Proverbs 13:2

ESV From the fruit of his mouth a man eats what is good, but the desire of the treacherous is for violence.
NIV From the fruit of their lips people enjoy good things, but the unfaithful have an appetite for violence.
NASB From the fruit of a person’s mouth he enjoys good, But the desire of the treacherous is violence.
CSB From the fruit of his mouth, a person will enjoy good things, but treacherous people have an appetite for violence.
NLT Wise words will win you a good meal, but treacherous people have an appetite for violence.
KJV A man shall eat good by the fruit of his mouth: but the soul of the transgressors shall eat violence.

What does Proverbs 13:2 mean?

Solomon observes that speaking productive words to others tends to lead to good things in return. The general case principle is that if a person speaks kind words, others will speak kindly to him. If he blesses others with his words, they will bless him in return. His positive words will bring positive words back to him. The word, "good," in this context, means what is pleasant to taste and smell. This echoes the concept that a person reaps what they sow: those who "sow" goodness and godliness can expect to harvest more of the same (Galatians 6:7).
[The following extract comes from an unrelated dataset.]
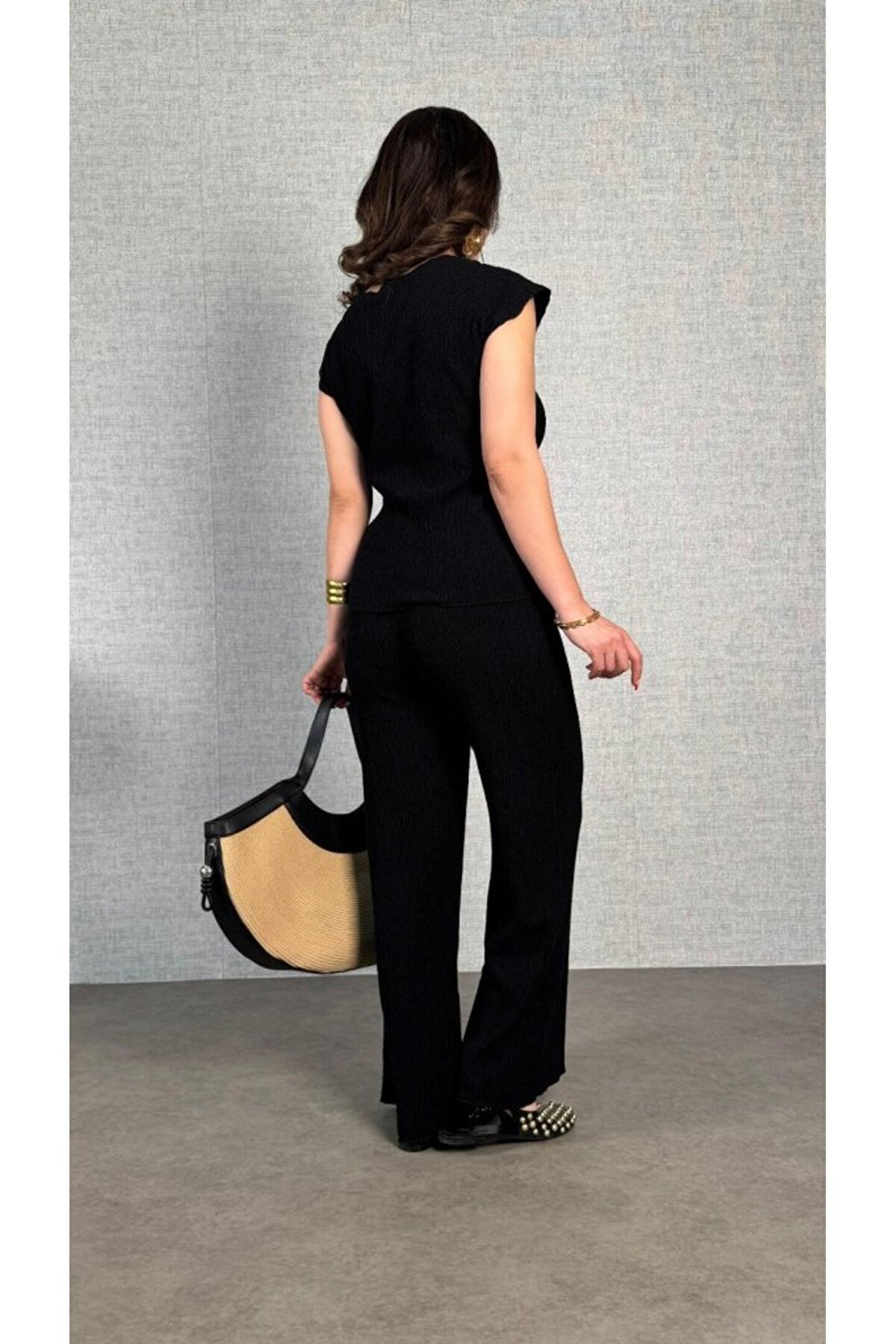 Modayakamoz EQURİ Kadın Kısa Kollu Bisiklet Yaka Yandan Bağlamalı Bürümcük Bluz Ve Pantolon Ikili Takım

Those who strongly desire to hurt others will also receive reciprocal treatment. Solomon uses the word "violence" to indicate what treacherous people crave and get. In the food-related context of this proverb, the term used here describes what is crude and unripe. Those who crave violence want to harm their neighbor, yet will find violence backfiring on themselves.

This verse closely resembles Proverbs 12:14, which also points out how a person's words and actions have natural consequences.